Reproduce the listing below word for word, with no pictures.

Data excerpt ->
--- --- ---
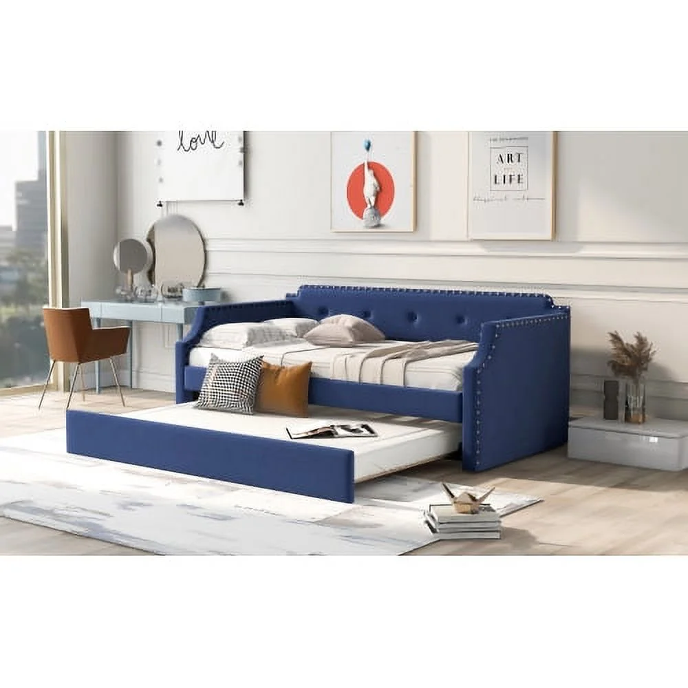 Buumin Upholstered Daybed with Trundle, Wood Slat Support,Upholstered Frame Sofa Bed , Twin,Blue
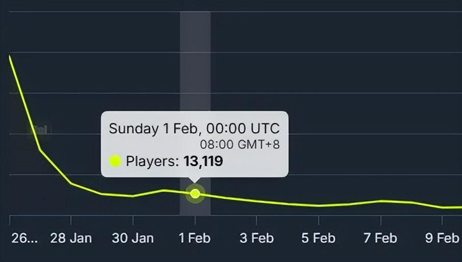 通俗易懂的解釋就是“玩的人太少了”,根據數據網站Steam DB顯示,如今遊戲24小時內的峯值在線人數僅爲460人。
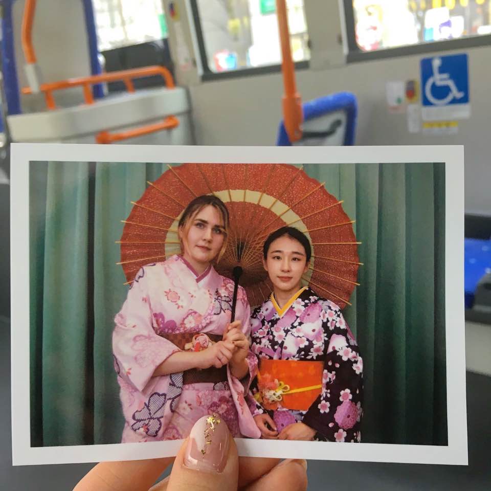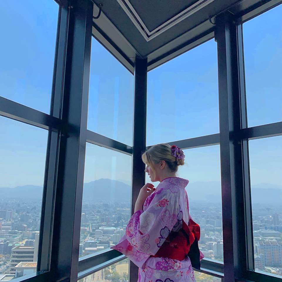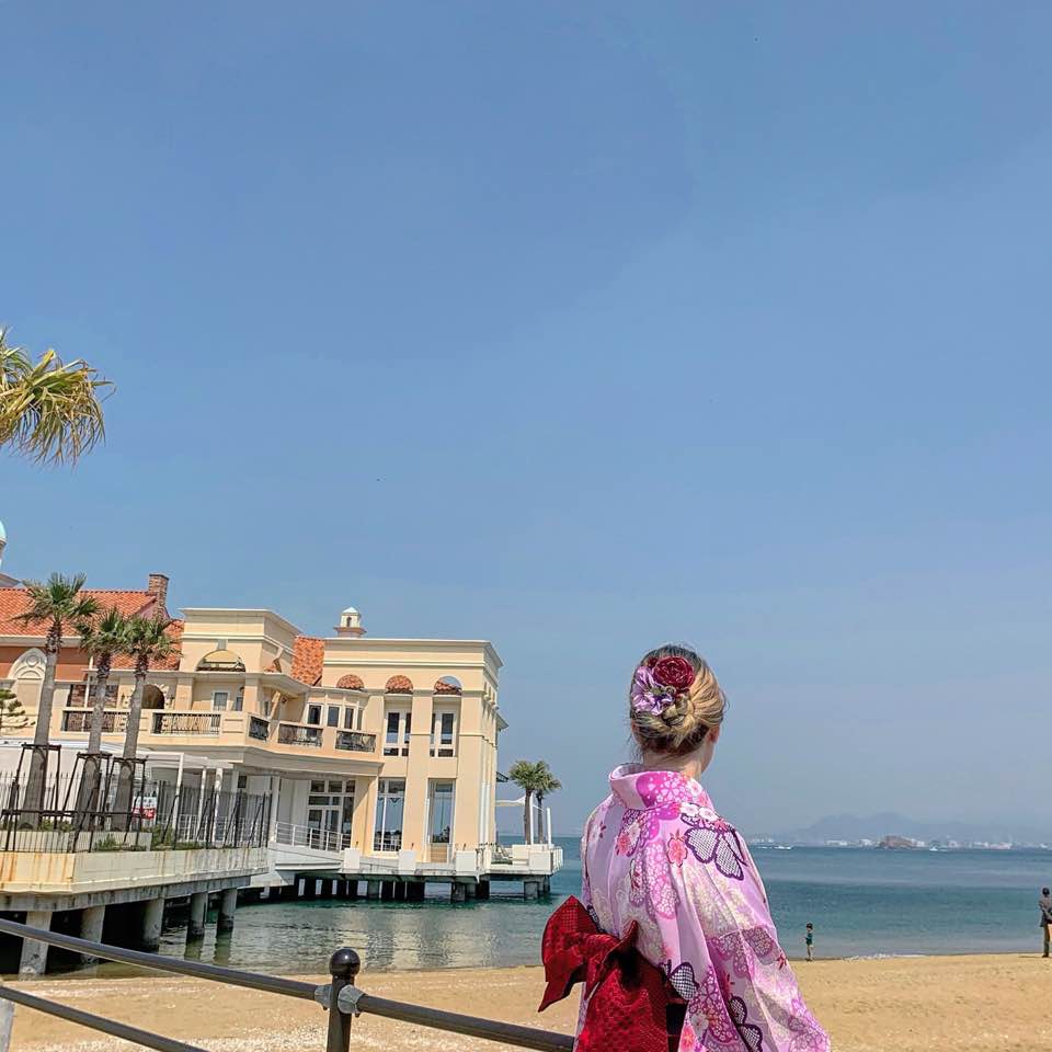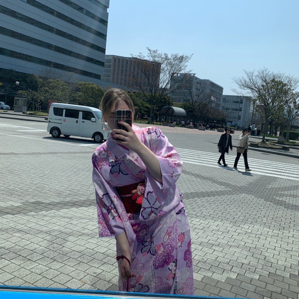 The next morning we had only little time till our bus, so we decided to go to the Fukuoka tower and visit the beach. It was a good decision since it was breathtakingly beautiful. They were renting Kimonos (Japanese traditional clothing) in the tower so we jumped at the opportunity to try them on and once again took tons of pictures!
--- --- ---
Response to the exercise ->
 Buumin Upholstered Daybed with Trundle, Wood Slat Support,Upholstered Frame Sofa Bed , Twin,Blue
 通俗易懂的解釋就是“玩的人太少了”,根據數據網站Steam DB顯示,如今遊戲24小時內的峯值在線人數僅爲460人。
 The next morning we had only little time till our bus, so we decided to go to the Fukuoka tower and visit the beach. It was a good decision since it was breathtakingly beautiful. They were renting Kimonos (Japanese traditional clothing) in the tower so we jumped at the opportunity to try them on and once again took tons of pictures!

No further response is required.